** Data for analysis follows **

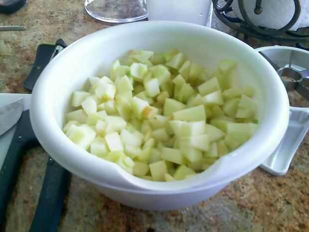 La cáscara y las manzanas de fuji. Luego, cortarlas en cuartos y luego picarlos en trozos aún más pequeños alrededor de 1/4 pulgadas.
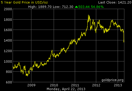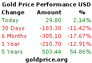 Data ini diambil per 22 April 2013, terlihat bahwa dalam 5 tahun terakhir kenaikan emas 54 %, sedangkan pada jangka waktu yang lebih pendek, seperti 1 tahun, 6 bulan dan 30 hari terakhir, emas justru mengalami penurunan.
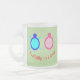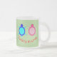 This awesome frosted glass mug features a cute image of a blue turtle and a pink turtle side by side. The cute couple have eyes only for eachother and cute little tails. The shell of the turtle is made of two shades of pink for the female and blue for the male. These guys are turtally in love and would make a great gift for couples.
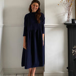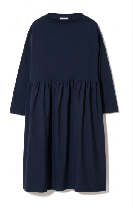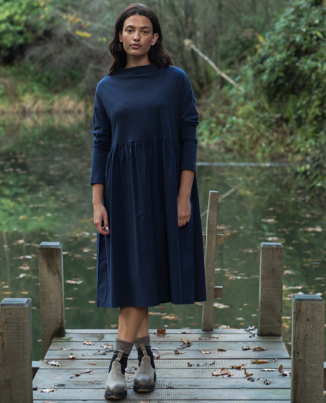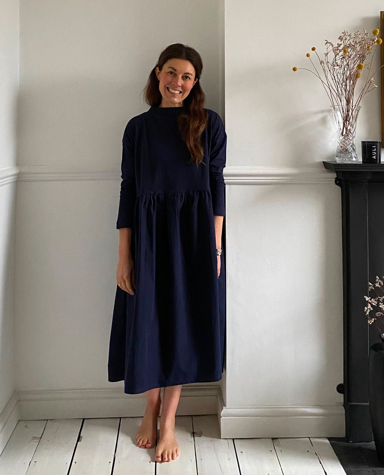 The Bramble is an oversized dress with a high slash neckline, full length sleeve and voluminous poplin skirt.
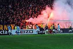 Malmö FF fans at Red Bull Arena at the away game against Red Bull Salzburg on 19 August 2014.
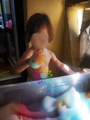 Après un bon quart d’heure à patouiller dans la mousse, la mélanger et l’écraser, elles m’ont demandé les jouets. C’est reparti pour un long moment de jeux.
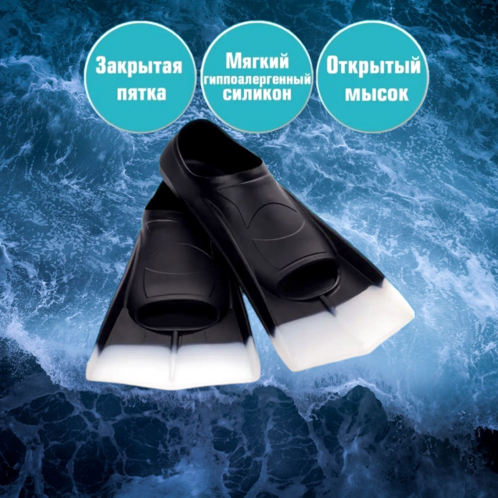 Ласты для плавания в бассейне силиконовые короткие черные S 1 850 ₽
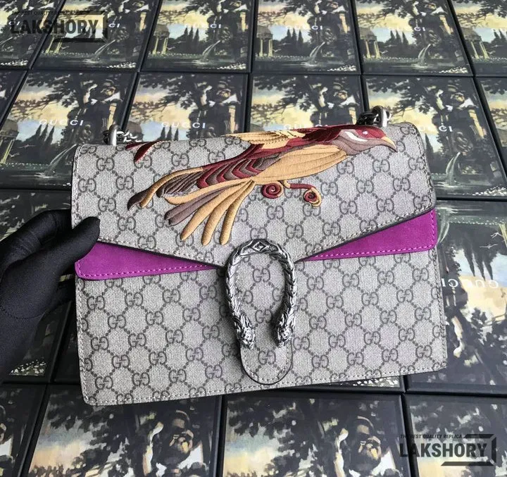 Gucci 1:1 Mirror Replica GG Supreme Bird Medium Dionysus Purple 30CM/11.8IN
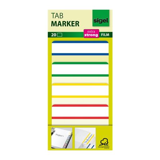 Jelölőcímke, megerősített, fehér szélű, 50x38 mm, 4x5 db, SIGEL, vegyes színek
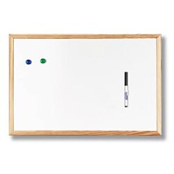 Biela magnetická popisovateľná tabuľa so svetlým dreveným rámom.| Vlastnosti produktu | |
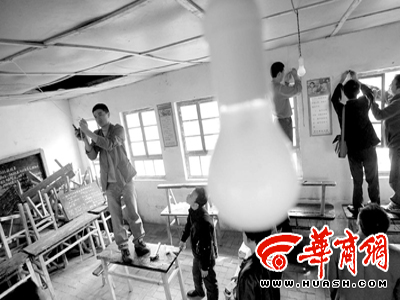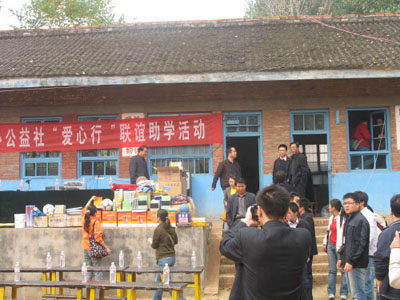 一到學校,大家就忙著拉桿架線,將帶來的照明設備安裝到各個教室,并將學習用品、體育器械、音像設備捐獻給該校。公益愛心社是西安工大人文學院學生自發組織成立的,以倡導公益愛心為宗旨,有近20名大學生都參與到這個社團。
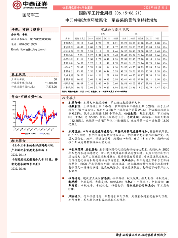 【中泰证券】【20200621】国防军工行业周报:中印冲突边境环境恶化,军备采购景气度持续增加-13页 行业研究
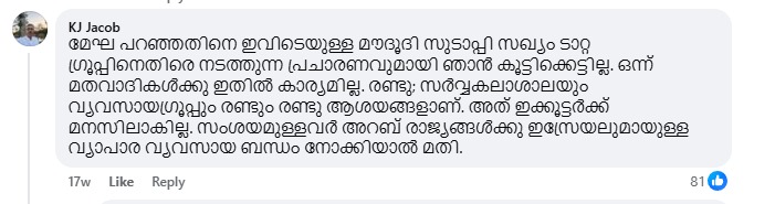 ഈ പോസ്റ്റിൽ അദ്ദേഹം എഴുതിയ കമന്റിൽ മേഘയുടെ ബഹിഷ്കരണാഹ്വാനത്തെയും എസ്ഐഒയുടെ ബഹിഷ്കരണാഹ്വാനത്തെയും പരസ്പരം താരതമ്യം ചെയ്തു. എസ്ഐഓയുടെ ബഹിഷ്കരാഹ്വാനത്തെ അംഗീകരിക്കാനാവില്ലെന്നായിരുന്നു അദ്ദേഹത്തിന്റെ അഭിപ്രായം: മതവാദികൾക്ക് ബഹിഷ്കരണത്തിൽ കാര്യമില്ല. സർവകലാശാല പോലെയല്ല, വ്യവസായഗ്രൂപ്പിന്റെ കാര്യം. മേഘ പറഞ്ഞതിനെ ഇവിടെയുള്ള മൗദൂദി സുടാപ്പി സഖ്യം ടാറ്റ ഗ്രൂപ്പിനെതിരെ നടത്തുന്ന പ്രചാരണവുമായി കൂട്ടിക്കെട്ടില്ല. ഒന്ന് മതവാദികൾക്കു ഇതിൽ കാര്യമില്ല. രണ്ട് സർവ്വകലാശാലയും വ്യവസായഗ്രൂപ്പും രണ്ടും രണ്ടു ആശയങ്ങളാണ്. അത് ഇക്കൂട്ടർക്ക് മനസിലാകില്ല. സംശയമുള്ളവർ അറബ് രാജ്യങ്ങൾക്കു ഇസ്രയേലുമായുള്ള വ്യാപാര വ്യവസായ ബന്ധം നോക്കിയാൽ മതി.

** End of Data for analysis **

▶ Your assignment: Go down the entries above from the line containing "Malmö FF fans" to the line containing "Gucci 1:1 Mirror" and write out each line exactly, leaving pictures out.

▶ Answer space:
 Malmö FF fans at Red Bull Arena at the away game against Red Bull Salzburg on 19 August 2014.
 Après un bon quart d’heure à patouiller dans la mousse, la mélanger et l’écraser, elles m’ont demandé les jouets. C’est reparti pour un long moment de jeux.
 Ласты для плавания в бассейне силиконовые короткие черные S 1 850 ₽
 Gucci 1:1 Mirror Replica GG Supreme Bird Medium Dionysus Purple 30CM/11.8IN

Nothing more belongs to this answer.